In contrast, a municipality that updates its planning area map under A.C.A. § 14-56-412(c) and adopts that map through the procedures set forth in §§ 14-56-422 and 14-56-423 to reflect only its corporate limits may be deemed to have altered its previously recorded planning jurisdiction. In that situation, the revised map becomes the operative planning jurisdiction for purposes of A.C.A. § 14-56-405(b), and electors residing outside the new boundary would no longer be eligible for appointment or reappointment.

Conversely, if the municipality continues to identify the same boundary that was previously recorded under former § 14-56-413(b)(2), that circumstance supports treating the area within that boundary as the "recorded planning jurisdiction" for purposes of § 14-56-405(b), notwithstanding the loss of regulatory authority following the enactment of Act 314.

Although Act 314 of 2025 eliminated municipal extraterritorial planning jurisdiction, a municipality retains authority to prepare and maintain planning documents that consider areas outside its corporate limits for advisory and coordination purposes. Under § 14-56-402, municipalities may adopt plans for "the coordinated, adjusted, and harmonious development of the municipality and its environs," and under § 14-56-403(a), municipal plans may address "present and future needs" and promote "the safety, morals, order, convenience, prosperity, and general welfare of the citizens."

Municipalities may continue, consistent with these provisions, to prepare and maintain comprehensive plans, future land-use maps, and transportation or infrastructure studies that consider areas outside the corporate limits. Those planning documents, however, are advisory only and have no legal force beyond the corporate limits.
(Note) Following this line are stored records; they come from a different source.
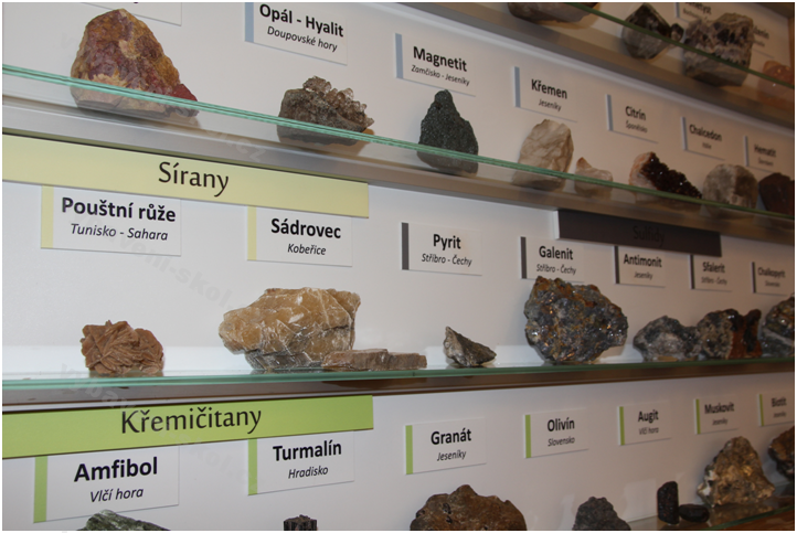 Atraktivně zpracovaná nástěnná vitrína představuje typické zástupce minerálů z našeho území, ale i ze světa. Minerály jsou rozděleny do skupin: prvky, sulfidy, halogenidy, oxidy, uhličitany, sírany, křemičitany a jsou v počtu 35 exponátů. Jedná se o typické zástupce, které žáci a pedagogové znají z učebnic přírodopisu a biologie. Vitrína je rozměrů je dřevěná se skleněnými policemi a vpředu opatřena bezpečnostním sklem. Dekor dřevěného rámu si zákazník může libovolně vybrat. Do stěny se uchycuje na masivní konzole. Ideální je kombinovat s vitrínou nerosty a vývoj života na zemi. Exponáty ve vitríně jsou velmi kvalitní a jedná se o sbírkové předměty, na kterých lze například dobře rozeznat krystalovou soustavu.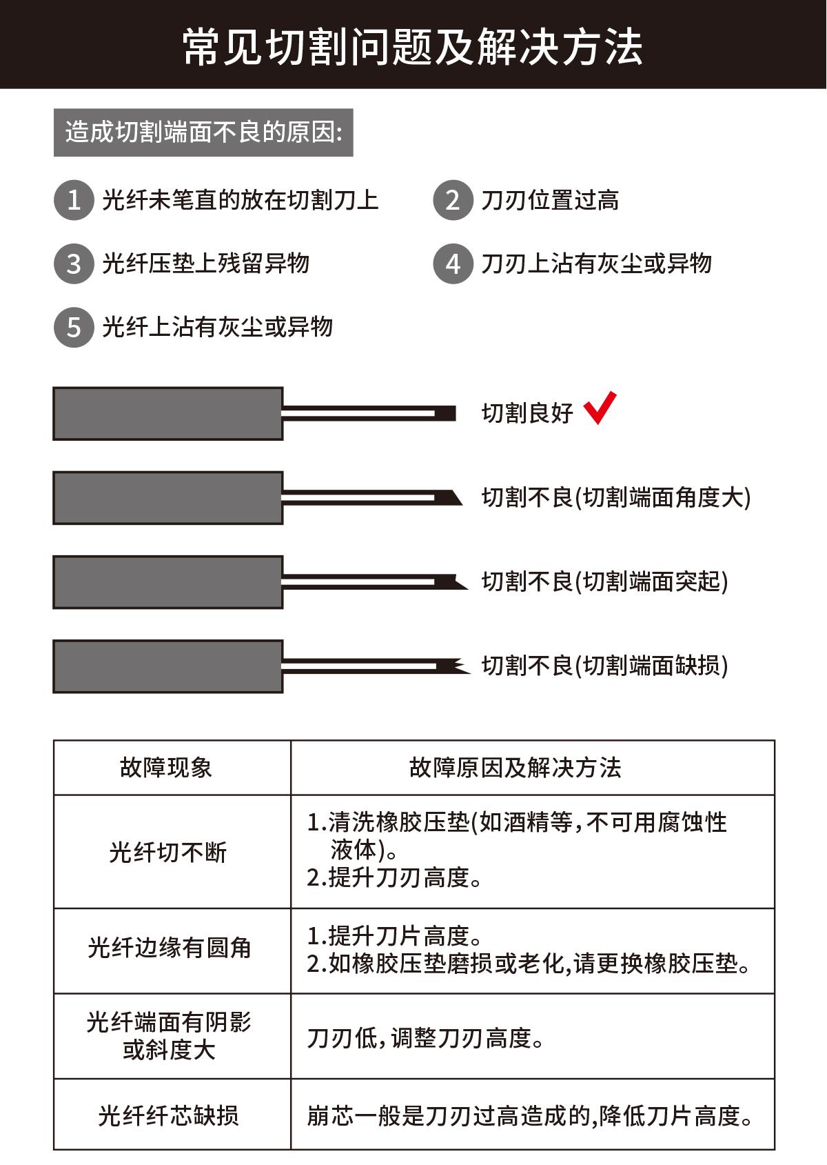 使用前请确认光纤已清洁无灰尘或异物,避免影响切割质量。
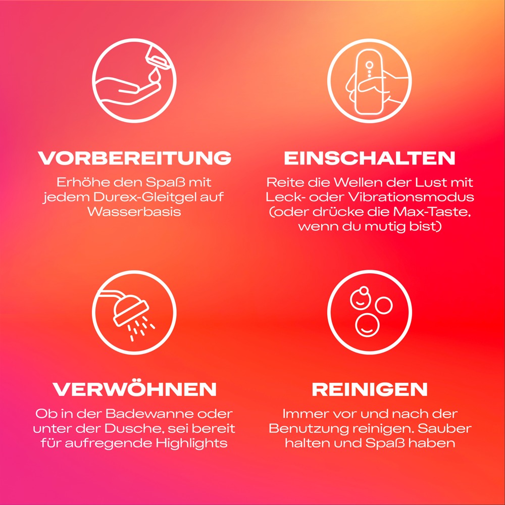 Handy Sensorial Masturbator Ride & Vibe from Durex for an intensive penis massage. Pamper yourself with a distinctive grooved structure and 7 vibration and 3 licking modes at the touch of a button. Additional MAX button for immediate full power. Also waterproof in the bath and shower. Made from silky-soft silicone, the flexible masturbator adapts perfectly to the penis and its movements. And is therefore suitable for any penis size.
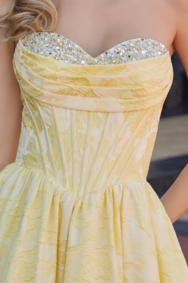 THE BACK OF THE DRESS BOASTS A LACE-UP CLOSURE.Colors: Lilac, Sage Green, Yellow.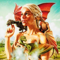 Картинка с красивой девушкой Дейнерис из популярного фильма "Игра престолов". На рисунке девушка без одежды, держит у себя на плечах и в руке маленьких милых дракончиков. Скачать рисунок с девушкой из Игры престолов.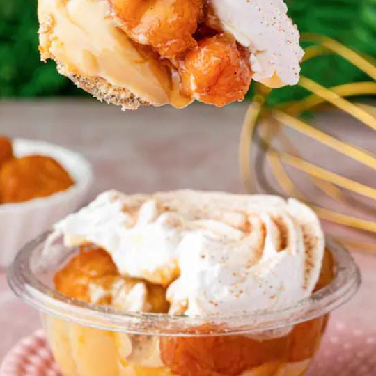 Farofa crocante , creme belga , banana caramelizada no ponto certo , chantilly leve e um toque de canela para finalizar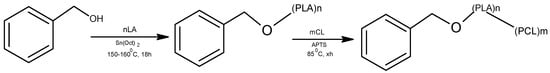 ε-caprolactone (ε-CL) (purity 99%), benzyl alcohol (99% purity), and toluene (purity ≥ 99.3%) purchased from Alfa Aesar (Haverhill, MA, USA) were dried and stored on a 3 Å molecular sieve under nitrogen. L-lactide (LA) (97% purity), purchased from Corbion (Amsterdam, Netherlands), was stored in a desiccator, under vacuum, and oven-dried (60 °C) at least 24 h before each use. Tin 2-ethylhexanoate (tin octoate, Sn(Oct)2, purity 92.5–100%), purchased from Sigma Aldrich (St. Louis, MO, USA), was used as received. Para-toluenesulfonic acid monohydrate (PTSA) from Sigma-Aldrich (St. Louis, MO, USA) (purity ≥ 98.5%) was stored in a drawer, under vacuum, to protect it from moisture. Poly(vinyl alcohol) (PVA) with Mw = 13,000–23,000 g·mol−1, hydrolysis degree of 87–89%, was purchased from Carlo Erba (Emmendingen, Germany).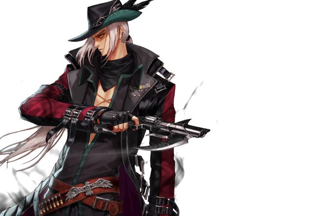 三觉技能【死灭危机】,施放时向前方投掷大量的鹰枪,通过枪舞拉扯鹰枪对敌人造成攻击,最后通关射击将鹰枪引爆而造成终结攻击,虽然技能看起来有点像斯瑞姆的技能,但三觉插画的漫游真的是一枪击中心脏的感觉,非常的喜欢这一个插画。而技能的伤害构造是非常复杂多段攻击,鹰枪、角色移动、分身分离、枪鹰左轮射击和最后一击以及爆炸的多段攻击力。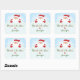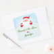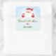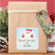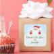 Custom personalised baking label stickers to add a bit of Holiday Cheer to your baked gifts this Season. A jolly Santa with red santa hat, gloves and suit, Peers over the 'baked with Love' Sign in Festive colours. all set against a blue and white snowflake background.

In sum, where a municipality has a planning-jurisdiction boundary that was previously recorded under former § 14-56-413 and has not been altered by later municipal action, § 14-56-405(b) may continue to be applied by reference to that recorded boundary to allow appointment of electors who reside outside the corporate limits but within the recorded planning jurisdiction, to the planning commission. By contrast, a municipality that never recorded the boundary under former § 14-56-413, or that has since altered the recorded boundary, may not appoint electors who reside outside the corporate limits under § 14-56-405(b), even though it may continue to prepare and maintain advisory planning materials that consider areas beyond the corporate limits.

Question 2: If so, how should the phrase "recorded planning jurisdiction" be construed following the elimination of extraterritorial jurisdiction?

The phrase "recorded planning jurisdiction" in A.C.A. § 14-56-405(b) should be understood to refer to an identifiable boundary that was made a matter of public record under the statutory framework then in effect. Former § 14-56-413 required a municipality exercising extraterritorial planning jurisdiction to designate the planning area and file a description of its boundaries with both the city clerk and the county recorder. That filing is the "recorded planning jurisdiction" referenced in § 14-56-405(b). For purposes of § 14-56-405(b), a previously recorded planning jurisdiction remains operative unless it has been altered through municipal or planning-commission action, as discussed in my answer to question one.

Assistant Attorney General Justin Hughes prepared this opinion, which I hereby approve.